## Problem
With pictures excluded, copy word for word the lines in the data below from the line containing "Фото 6. В уютной" through the line containing "11月26日,阿森纳队球员马杜埃凯赛后庆祝胜利。".

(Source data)

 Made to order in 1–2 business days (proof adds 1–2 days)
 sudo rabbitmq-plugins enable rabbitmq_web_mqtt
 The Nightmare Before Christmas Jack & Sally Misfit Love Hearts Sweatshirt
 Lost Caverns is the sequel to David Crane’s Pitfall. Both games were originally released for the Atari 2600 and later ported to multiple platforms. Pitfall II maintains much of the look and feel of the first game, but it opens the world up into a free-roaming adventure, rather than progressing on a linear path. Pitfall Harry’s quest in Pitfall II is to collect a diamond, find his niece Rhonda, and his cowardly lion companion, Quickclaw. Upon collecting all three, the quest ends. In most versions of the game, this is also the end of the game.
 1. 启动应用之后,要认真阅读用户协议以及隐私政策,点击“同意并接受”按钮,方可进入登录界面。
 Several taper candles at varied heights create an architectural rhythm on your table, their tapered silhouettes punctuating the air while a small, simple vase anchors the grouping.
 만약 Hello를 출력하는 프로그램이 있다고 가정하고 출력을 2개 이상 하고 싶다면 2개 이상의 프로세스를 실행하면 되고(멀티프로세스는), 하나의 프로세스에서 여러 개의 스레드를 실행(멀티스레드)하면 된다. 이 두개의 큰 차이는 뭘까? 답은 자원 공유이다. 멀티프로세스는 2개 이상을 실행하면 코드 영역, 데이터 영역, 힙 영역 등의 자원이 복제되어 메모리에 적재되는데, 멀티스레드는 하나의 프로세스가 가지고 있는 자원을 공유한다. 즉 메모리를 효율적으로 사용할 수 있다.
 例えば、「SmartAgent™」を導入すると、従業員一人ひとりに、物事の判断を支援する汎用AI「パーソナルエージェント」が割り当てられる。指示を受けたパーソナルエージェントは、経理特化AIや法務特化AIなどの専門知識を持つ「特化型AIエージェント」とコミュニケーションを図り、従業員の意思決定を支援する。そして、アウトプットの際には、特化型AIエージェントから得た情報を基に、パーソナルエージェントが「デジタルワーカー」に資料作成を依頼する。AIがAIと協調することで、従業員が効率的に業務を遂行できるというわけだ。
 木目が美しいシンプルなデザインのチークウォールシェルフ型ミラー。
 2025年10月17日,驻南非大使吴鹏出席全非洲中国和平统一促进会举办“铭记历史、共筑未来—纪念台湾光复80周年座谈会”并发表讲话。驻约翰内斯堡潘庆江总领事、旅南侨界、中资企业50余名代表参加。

--

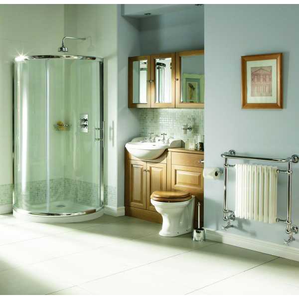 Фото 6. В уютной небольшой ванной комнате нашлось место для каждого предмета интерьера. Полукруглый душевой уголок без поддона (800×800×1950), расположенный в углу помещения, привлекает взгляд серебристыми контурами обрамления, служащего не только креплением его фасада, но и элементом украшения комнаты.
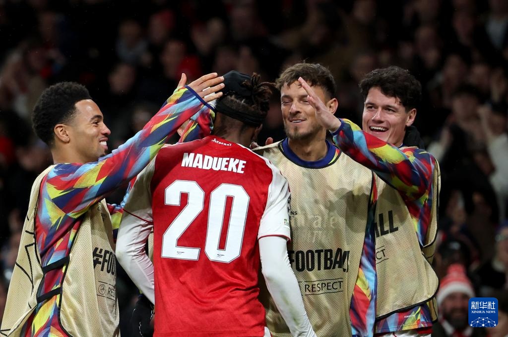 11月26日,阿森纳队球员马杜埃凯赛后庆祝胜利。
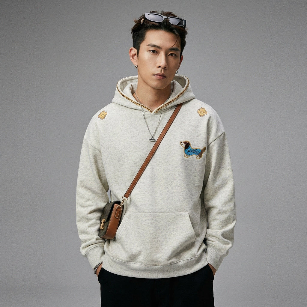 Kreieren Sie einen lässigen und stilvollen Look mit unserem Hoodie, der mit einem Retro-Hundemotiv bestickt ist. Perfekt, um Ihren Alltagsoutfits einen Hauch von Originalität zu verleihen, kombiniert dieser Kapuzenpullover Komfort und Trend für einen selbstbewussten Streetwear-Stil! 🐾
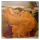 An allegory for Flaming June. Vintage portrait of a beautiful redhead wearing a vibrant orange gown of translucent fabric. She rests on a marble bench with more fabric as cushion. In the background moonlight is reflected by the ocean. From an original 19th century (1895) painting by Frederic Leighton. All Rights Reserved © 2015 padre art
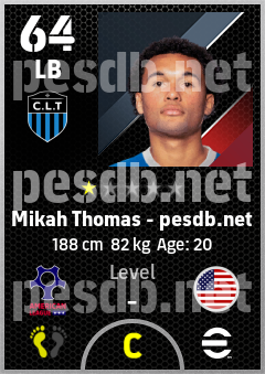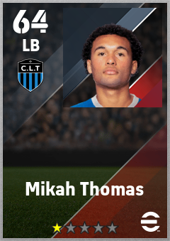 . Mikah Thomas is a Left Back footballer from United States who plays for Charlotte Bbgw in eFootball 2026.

## Solution to this exercise
 Фото 6. В уютной небольшой ванной комнате нашлось место для каждого предмета интерьера. Полукруглый душевой уголок без поддона (800×800×1950), расположенный в углу помещения, привлекает взгляд серебристыми контурами обрамления, служащего не только креплением его фасада, но и элементом украшения комнаты.
 11月26日,阿森纳队球员马杜埃凯赛后庆祝胜利。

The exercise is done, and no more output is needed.